The aim of the study was to generate a lentiviral vector expressing the gene human PGC-1α, and target it to be delivered in specific areas of the brain in mice models of AD (animals that have been experimentally modified to be susceptible to the disease) and then evaluate the effect of the delivered therapeutic gene.
The researchers used the lentiviral vectors, which are experimentally modified retroviruses (i.e., HIV) that can infect both dividing and nondividing cells, because they have been shown to successfully treat, in the lab, a range of conditions including arthritis and cancer. The study’s authors also previously have used a lentivirus vector in clinical trials to deliver genes into the brains of Parkinson’s disease patients.
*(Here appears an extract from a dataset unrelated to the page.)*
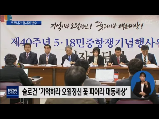 ◀ANC▶ 두 달 앞으로 다가온 5.18민주화운동 40주년 기념행사는 전국화, 세계화에 방점을 두고 준비되고 있습니다. 하지만 코로나19가 전세계로 확산하면서 행사를 축소하거나 연기할 가능성이 커지고 있습니다. 송정근 기자입니다. ◀END▶ 올해로 불혹을 맞은 5.18 기념행사의 슬로건은 '기억하라 오월정신! 꽃피어라 ...
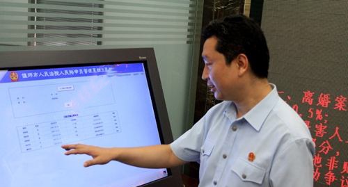 法庭大堂:擺放壁掛液晶一體機(jī)提供市民觀看法律相關(guān)宣傳片,法律政策條例的信息內(nèi)容展示??蓴[放觸摸查詢一體機(jī),提供給市民自助查詢相關(guān)信息,提升法律服務(wù)與市民的互動交流。

The human PGC-1α gene was tested as a potential therapeutic gene target because it codes the protein PGC-1–alpha, which has been found to play a major role in the regulation of cellular energy metabolism. It also has been implicated in other disorders, such as obesity, diabetes and cardiomyopathy when the quantities of the protein are below normal ranges.
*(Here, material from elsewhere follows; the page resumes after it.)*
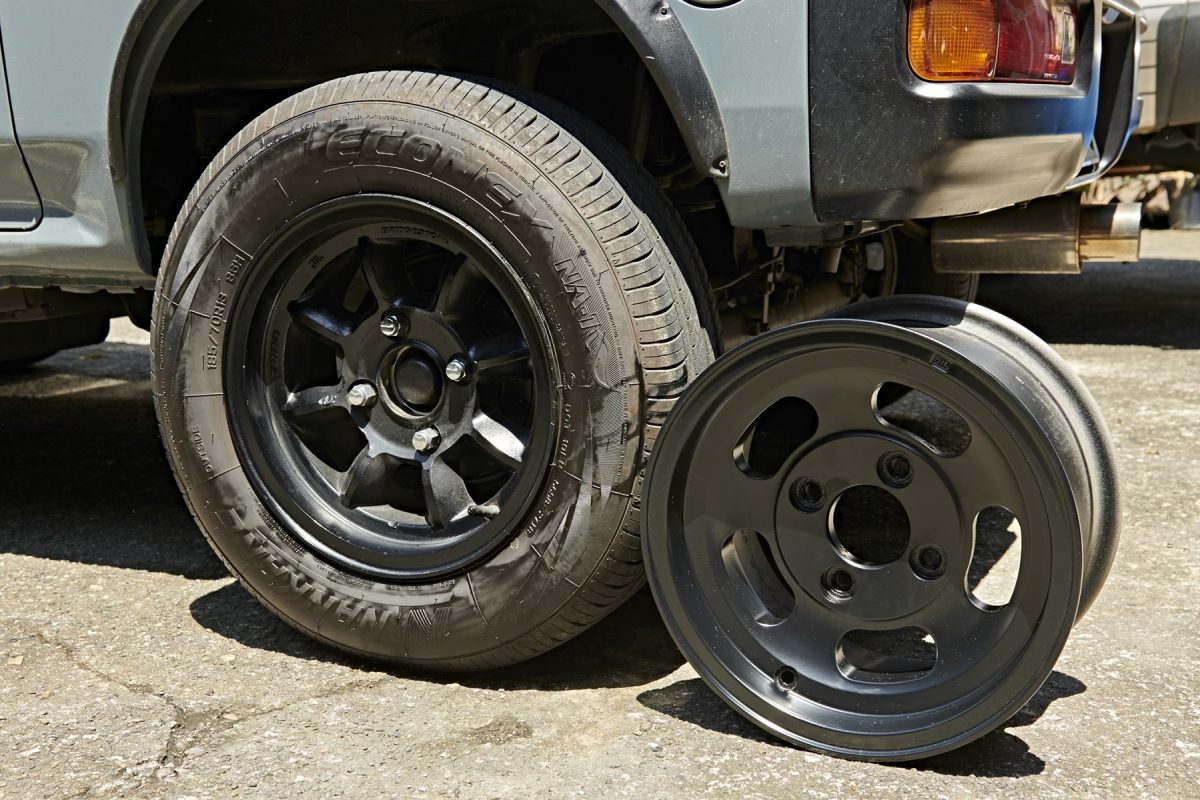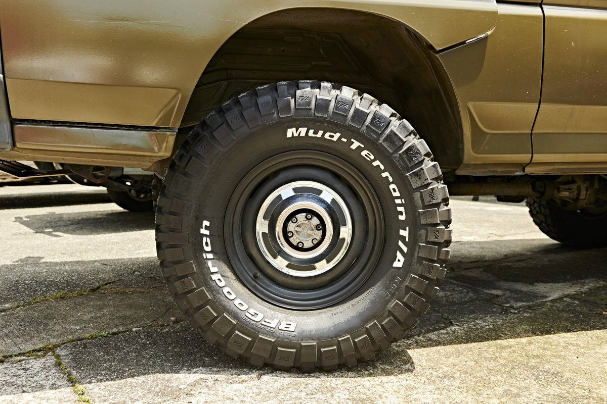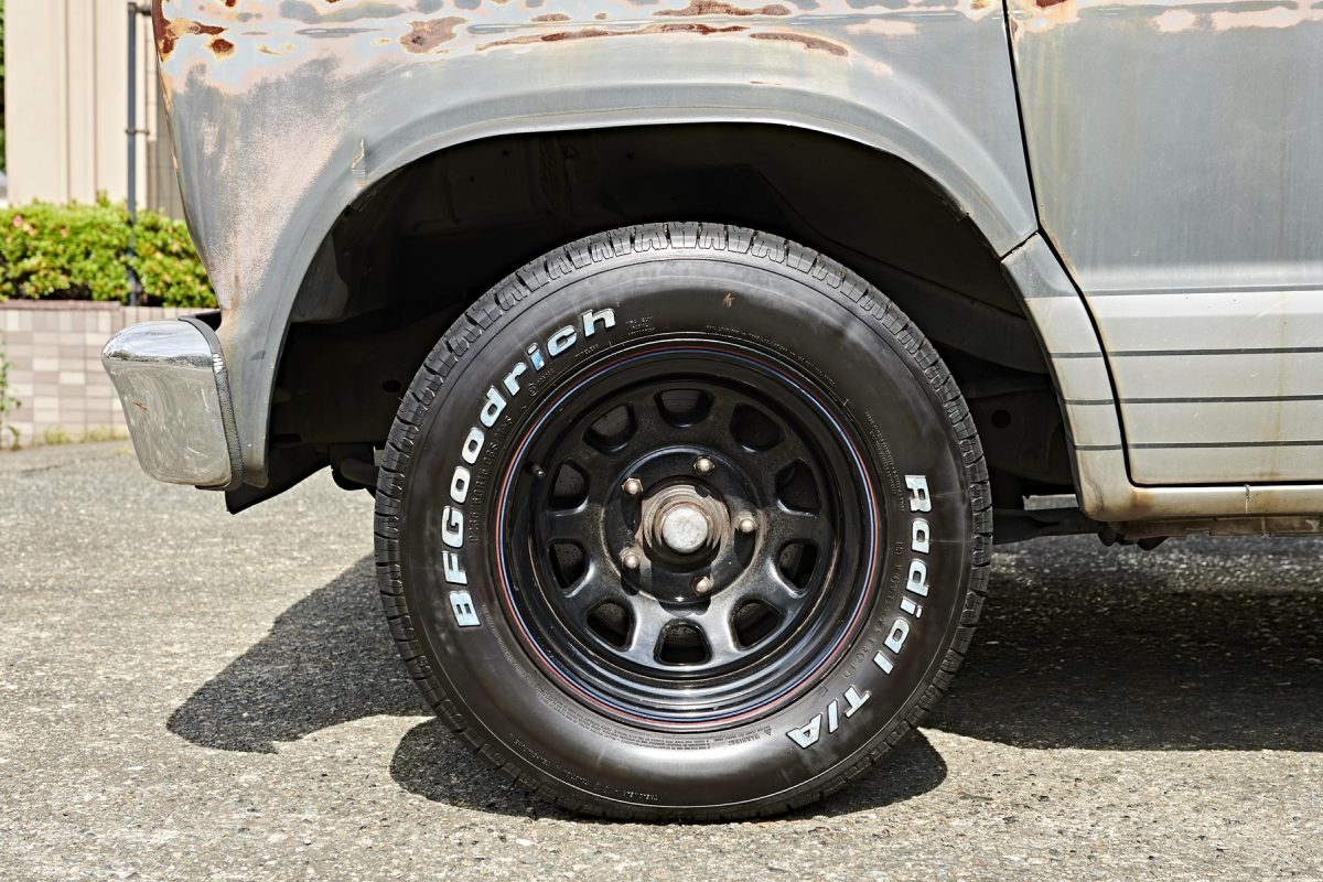 センターキャップを付けた鉄チンホイールにマッドテレーンタイヤを合わせるのは、いま注目のアウトドアスタイル。この年式のデリカによく似合う!

The mice used in the study were treated experimentally during the early stages of their AD before the development of amyloid plaques. The gene therapy was injected into two areas of their brains most susceptible to the increased amyloid development and the protein-clumping associated with AD: the hippocampus and the cortex.
After injection the mice were given behavioral tasks, such as being able to distinguish between new and familiar objects within their cages, to achieve at one and four months, then the tissue was harvested to analyze the amount of plaque.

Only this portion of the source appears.